Data Security

Charlie Haase, Chief Information Officer, Information Services and Technology

Security at the Forefront - IST will ensure County data is secure and protected; ensure all County applications conform to security best practices; expand and mature our disaster recovery capabilities.

Strategy 1: Secure and protect County data across all platforms.

Action

Every five years complete a HIPAA Security Assessment working with all of the HIPAA covered departments to address findings.

Metrics

The first HIPAA Security Assessment is completed within the next year.

Action

Every three years complete a comprehensive security assessment.

Metrics

The first comprehensive security assessment is completed within the next two years.

Action

Implement a Bring Your Own Device policy and implement mobile device management software to support the increasing number of devices used by County employees.

Metrics

Complete within the next two years.

Strategy 2: All County applications conform to security best practices.

Action

Assess the degree in which in-house and vendor-supported business software applications comply with countywide security standards and develop an action plan for bringing applications into compliance.

Metrics

Assessment is completed within the next 2 years.

Action

All IST software developers are trained in the use of secure coding techniques that align with our countywide security standards.

Metrics

  • Training begins within the next year.
  • All developers are trained within the next three years.
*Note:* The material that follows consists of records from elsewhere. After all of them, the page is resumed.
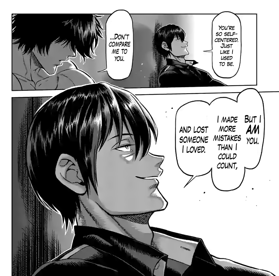 >>284421269>the tournament really gets you to root for various characters>eventually everyone turned into stoicsOmega lacks passion and emotion, It's like I am reading a dead fish in manga form.Ashura was a fervent work of art! It was dumb and it was fun in a genuine way, not in the "haha he can't breath lol Mukaku go chop chop"Even Sawada of all things was a character that was more than just "the faggot who spins", he showed true friendship to Rihito and the small CEO who was threatened and deleted from the story. There was no need for him to fight Julius and he still tried, showing that he was a real fighter with the desire to fight. And now? We are reading some bullshit battle royale with dozens of fake fighters and an undead protagonist that can't even explain his own unreasonable actions. The guys who try to fight Shen despite the odds? It doesn't feel genuine. It's like they are only doing that for the meta reason of being filler for Sandro so this emptiness can go on and on and on.
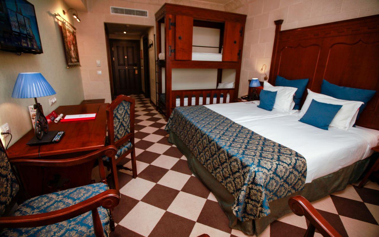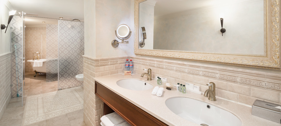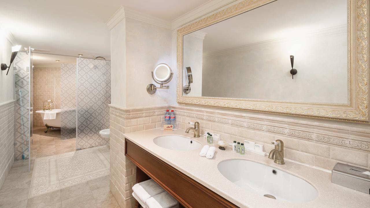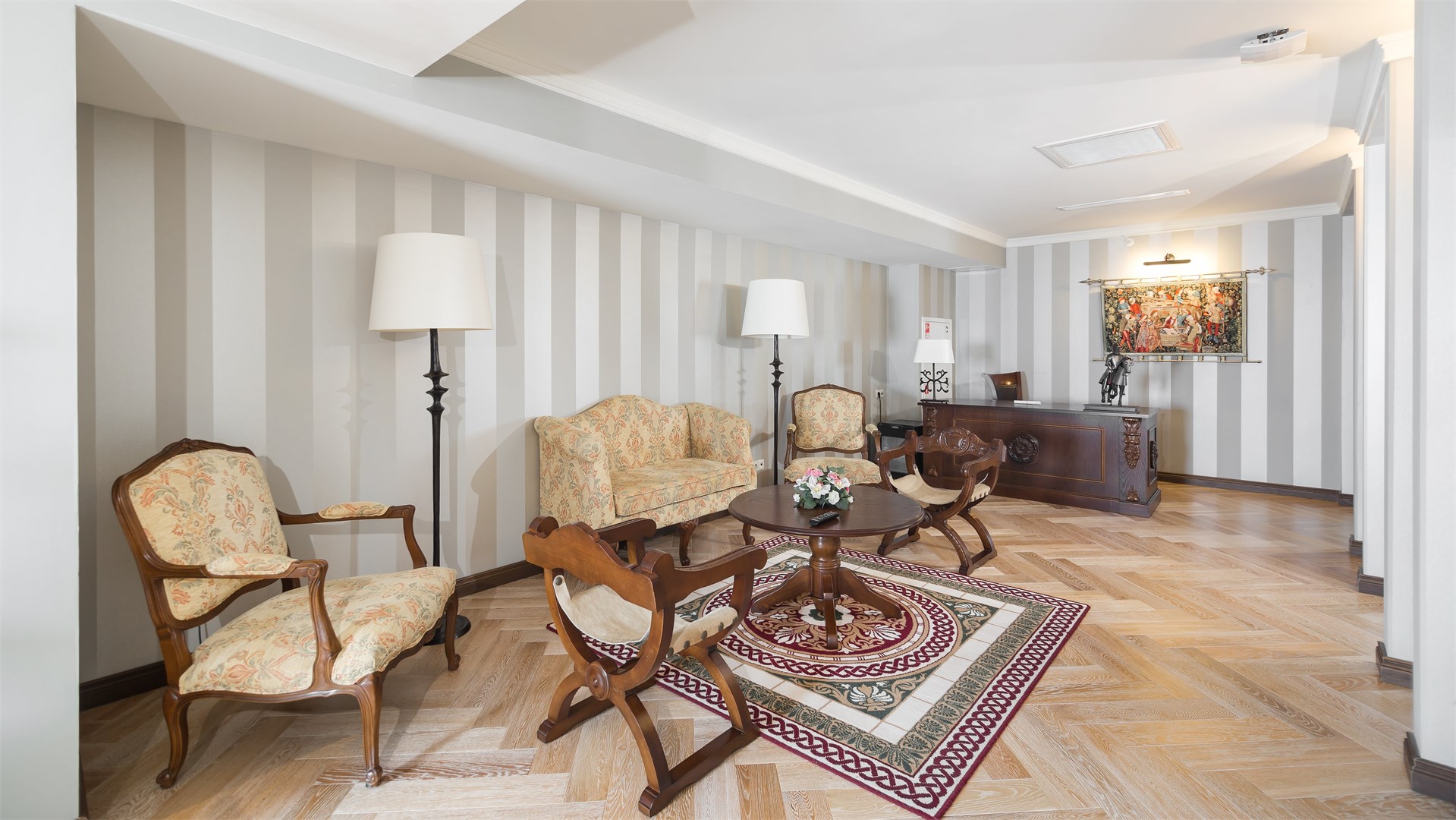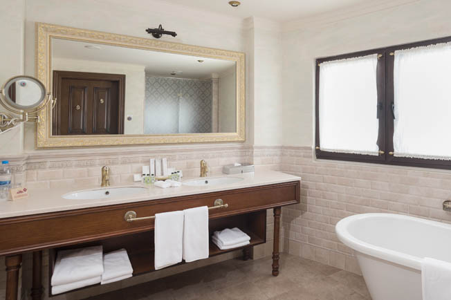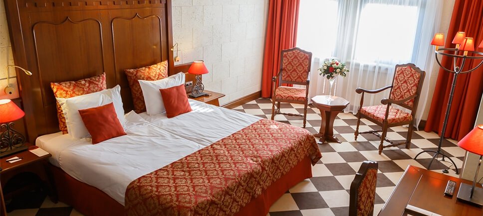 В номере: двуспальная кровать, LCD TV, телефон, прикроватная кушетка, тумбы. В гостиной - рабочее место, спутниковое ТВ, диван, встроенные шкафы, сундук-багажница, зеркало, мни-бар, письменный стол, электрочайник, электрокамин.
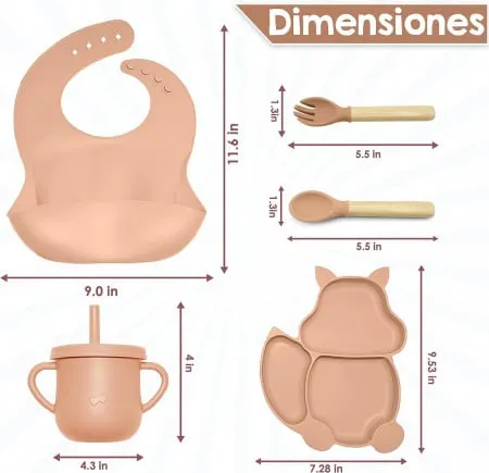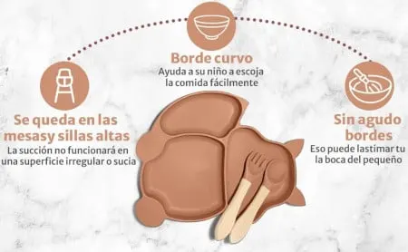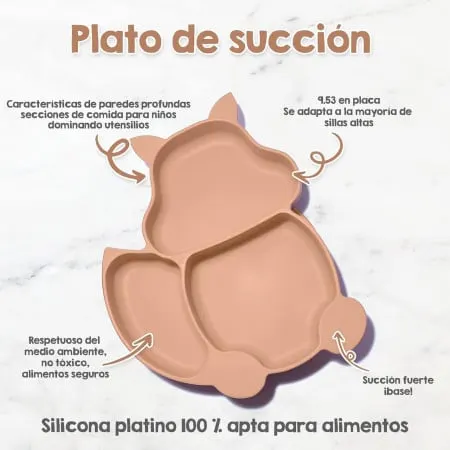 Farfuria este prevazuta cu o ventuza mare care o fixeaza de masa, prevenind alunecarea si varsarea alimentelor. Are forma de veverita simpatica.

Strategy 3: Expand and mature Disaster Recovery capabilities.

Action

In collaboration with our County stakeholders, conduct a minimum of one mock disaster tabletop exercise per year.

Metrics

First tabletop exercise completed within the first two years.

Action

Complete recovery testing for all critical business software applications and produce a detailed report documenting the results.

Metrics

Four systems tests completed within the next two years.

Action

Implement an emergency/incident policy that outlines the procedures for notification, communication and management of emergency incidents having to do with outages that impact the ability of County departments to conduct their normal work.

Metrics

Policy implemented within the next two years.